Quand il s’agit d’évoquer des souvenirs, les navettes sont pour certains ce que les madeleines sont pour d’autres. Biscuits à la fleur d’oranger emblématiques de Marseille, ils parlent autant au cœur qu’aux papilles. Celles des Accoules racontent avec passion la famille Orsoni, originaire de Corse.
La saga familiale a débuté non loin de là, dans une boulangerie rue Henri Fiocca où José Orsoni faisait déjà des navettes. Mais las de se lever aux aurores et de ne pas voir sa fille grandir, il décide un beau jour avec sa femme de ne se consacrer qu’aux biscuits provençaux et corses en bas du quartier du Panier qu’ils aiment tant.
Peu avant la célèbre Place de Lenche, la biscuiterie familiale ne bougera plus. Et bien que Marie-Julie. sa fille et Clément le beau-fils aient repris le gouvernail de l’affaire, le Pater, qui habite juste en face, continue de passer régulièrement pour vérifier qu’ils gardent bien le cap.
Restés dans leurs jus, les murs de la biscuiterie transpirent toujours cette passion pour un petit biscuit en forme de barque et aux senteurs de fleur d’oranger. Il est devenu si célèbre que les touristes sont tout aussi nombreux que les marseillais à vouloir le croquer.
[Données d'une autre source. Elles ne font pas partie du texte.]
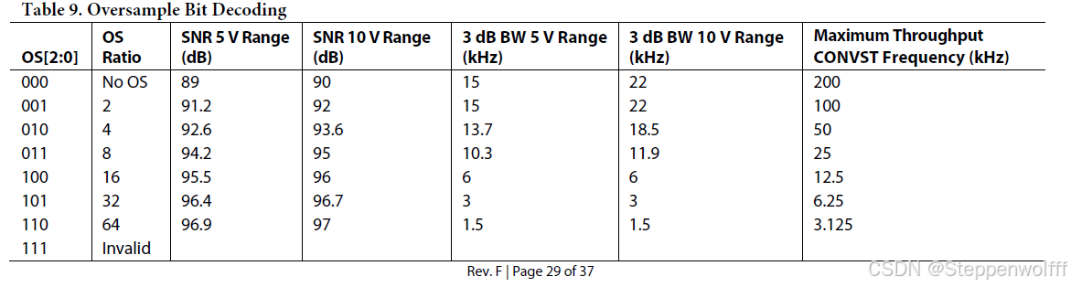 - Pin OS0~PinOS2用于控制过采样率选择,OS2是MSB控制位,OS0是LSB控制位。可以根据需要选择硬件或者软件的方式控制过采样,真值表如下:
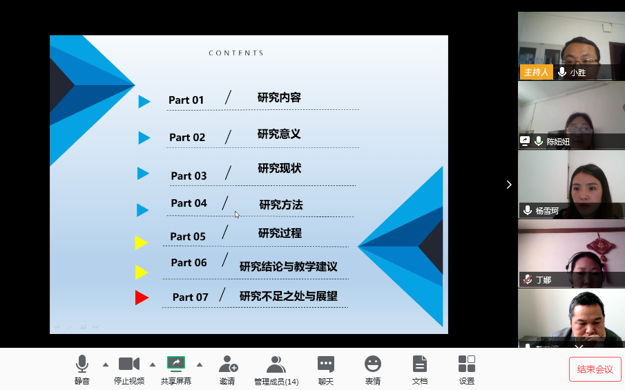 预答辩期间,各答辩人通过共享屏幕的方式对自己的学位论文进行具体阐述,并与答辩委员会专家进行实时问答。专家们针对学位论文的内容,创新性,符号规范,排版等方面提出相关问题及修改建议,线上答辩井然有序。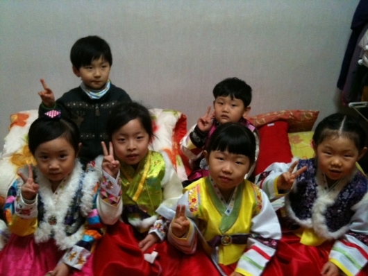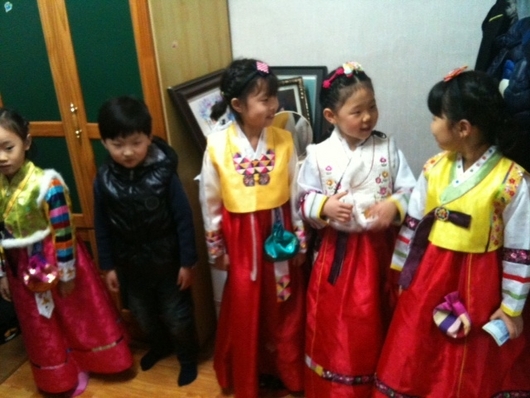이번 설에도 모두 모여서 예쁘게 세배도 하고 윷놀이도 하면서 즐겁게 보냈어요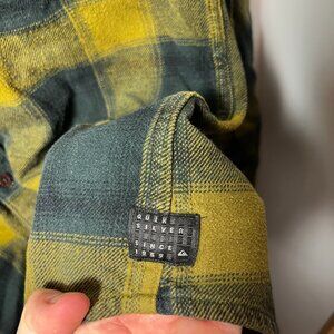 Quicksilver Flanel shirt black and brown plaid pattern. Good used condition. Some piling.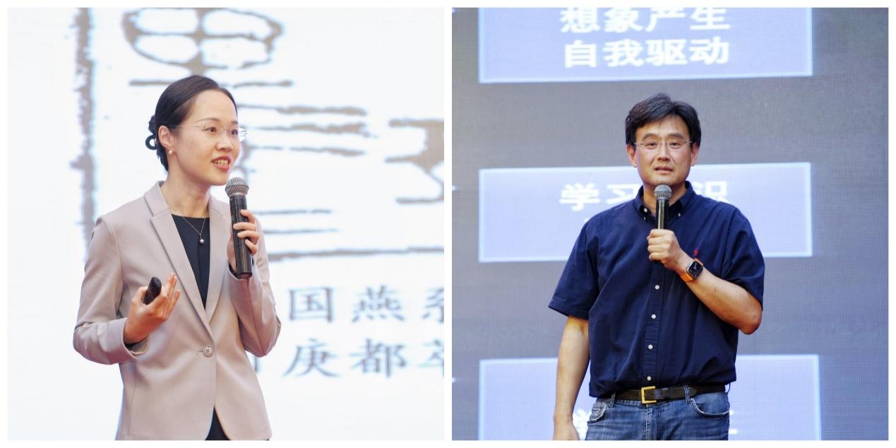 梁思思(左)带来教学示范课,欧阳证(右)作主题报告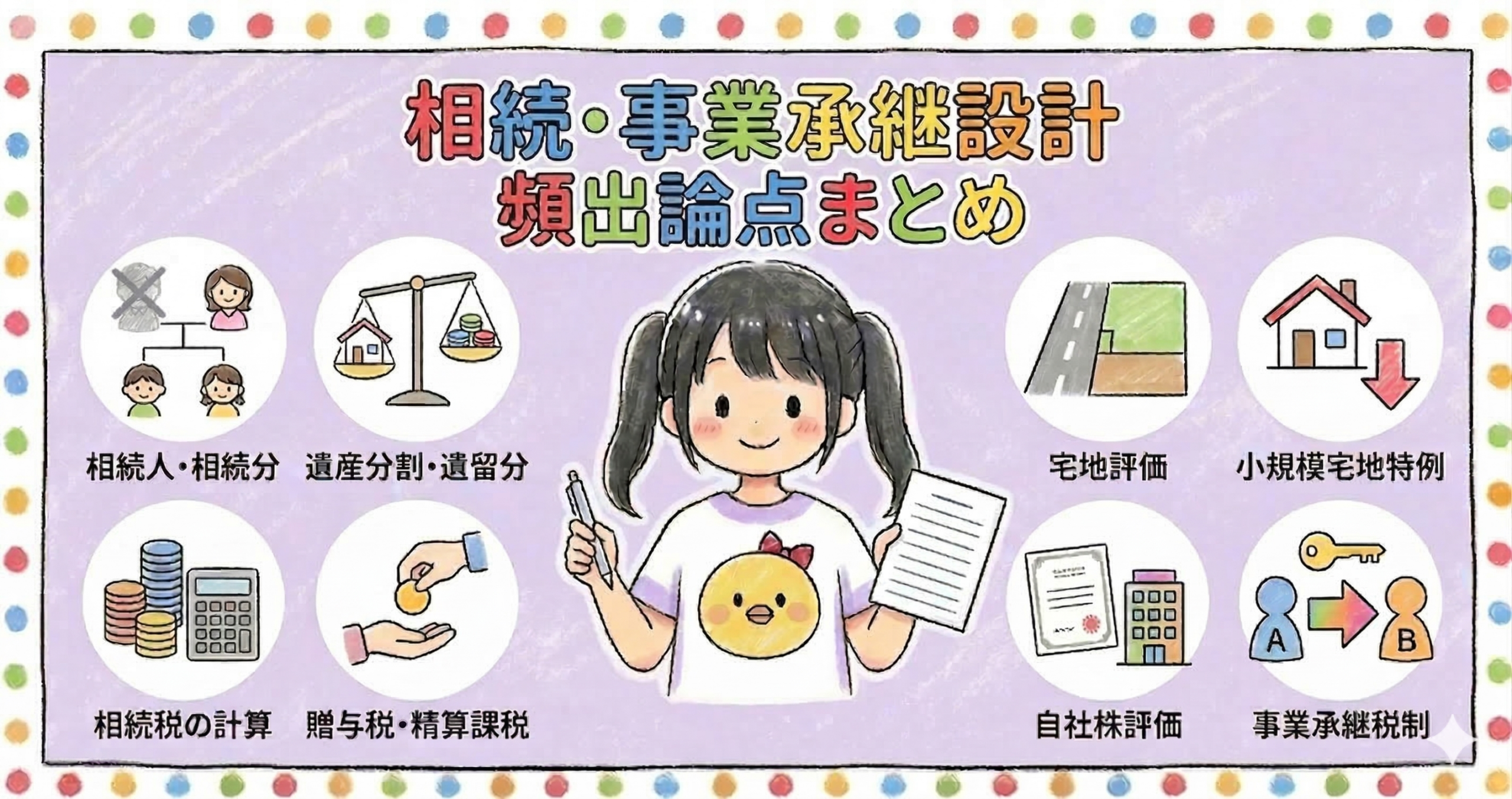 CFP試験「相続・事業承継設計」は、民法上の相続知識から相続税・贈与税の計算、財産評価、事業承継対策まで幅広い分野にわたります。この記事では、各分野の頻出論点と計算パターンを横断的に整理します。令和5・6年度の税制改正点も含めてまとめていますので、試験直前の総仕上げにご活用ください。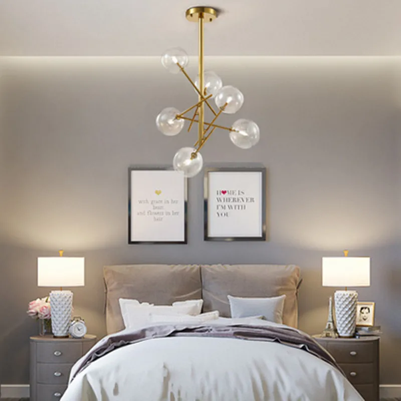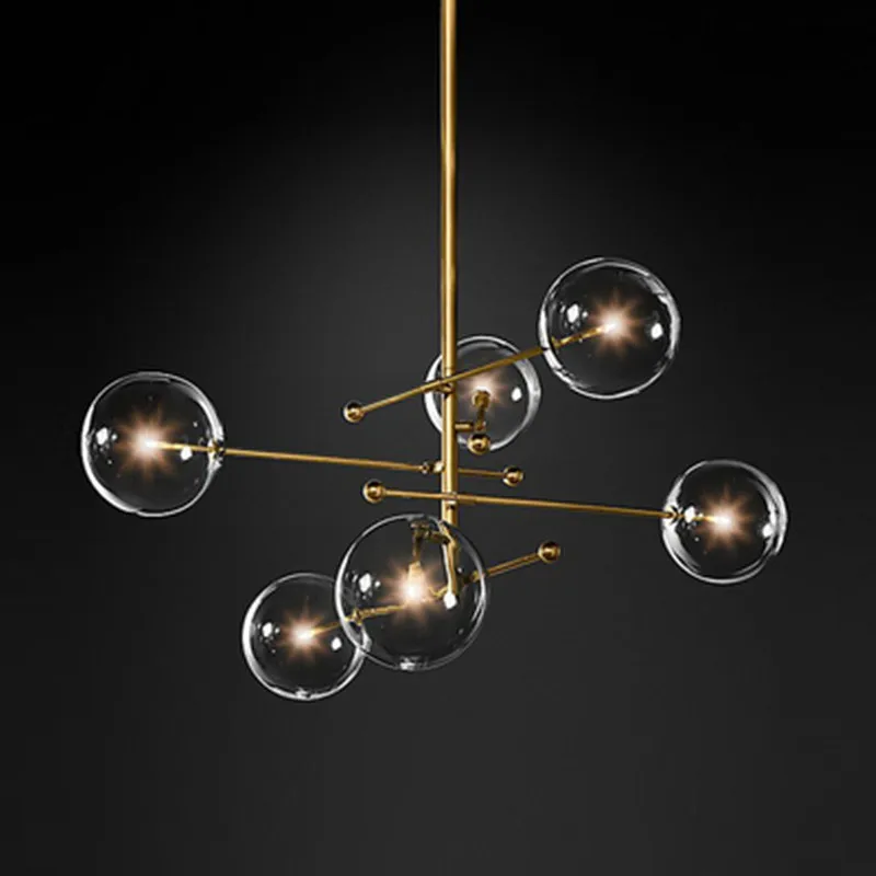 Люстра со стеклянными шариками, 6 лампочек, прозрачное стекло, пузы...

La recette aussi reste immuable : farine, beurre, œufs, fleur d’oranger, peu de sucre et surtout pas de levure.
« La particularité de ce biscuit est qu’il ne lève pas. Pour éviter qu’il ne devienne trop dur, on ajoute énormément d’œufs » explique Marie-Julie.
Sa forme rappelle le bateau à bord duquel les Saintes et Lazare ont apporté l’Évangile en Provence. Il fut créé à l’origine pour les pèlerins qui venaient célébrer la chandeleur.
« Le geste de tailler la pâte se fait toujours la main. Nous ne voulons pas le mécaniser pour que chaque navette soit unique » précise Clément qui enfourne de 3 à 12 fournées par jour.
En fonction de l’humidité et la température du jour, la taille sera différente. C’est pour cela qu’elles sont vendues au poids. « On veut que le touriste qui achète une boite en souvenir, comme l’enfant qui n’en veut qu’une au goûter en sortant de l’école puissent se l’acheter. »
Bien que les navettes peuvent se conserver plusieurs mois, les vendre en vrac permet aussi de n’acheter que la juste quantité.
« Les habitués peuvent revenir chaque jour pour en avoir des fraîches, ce qui garantit ce mélange subtil de moelleux et de croquant ».
Si la dernière génération à cœur de perpétuer près de quarante ans de « navettologie », elle propose aussi de nombreux autres biscuits traditionnels.
Les corses tout d’abord, comme des canistrelli aux œufs et beurre (nature ou à l’anis vert), mais aussi les cuggiulelle à l’huile d’olive et vin blanc.
Pour ce qui est des biscuits provençaux, vous aurez le choix entre des barquettes, des croquants aux amandes, des macarons à la poudre d’amande (et donc sans gluten) et enfin un gâteau 4/3 (en clin d’œil humoristique à la scène du Picon bière dans le film Marius de Pagnol), recette de cake maison où l’huile d’olive remplace le beurre.
Après avoir vécu est travaillé à l’étranger, le couple est ravi de transmettre leurs goût et passion pour les navettes. « Des Accoules ! » précisent-ils en cœur comme pour bien les différencier des leurs cousines de l’autre rive du Vieux-Port.
Le Petit Plus : Vendus au poids, tous plus ou moins au même prix, vous pouvez faire des assortiments de biscuits pour goûter à chaque recette.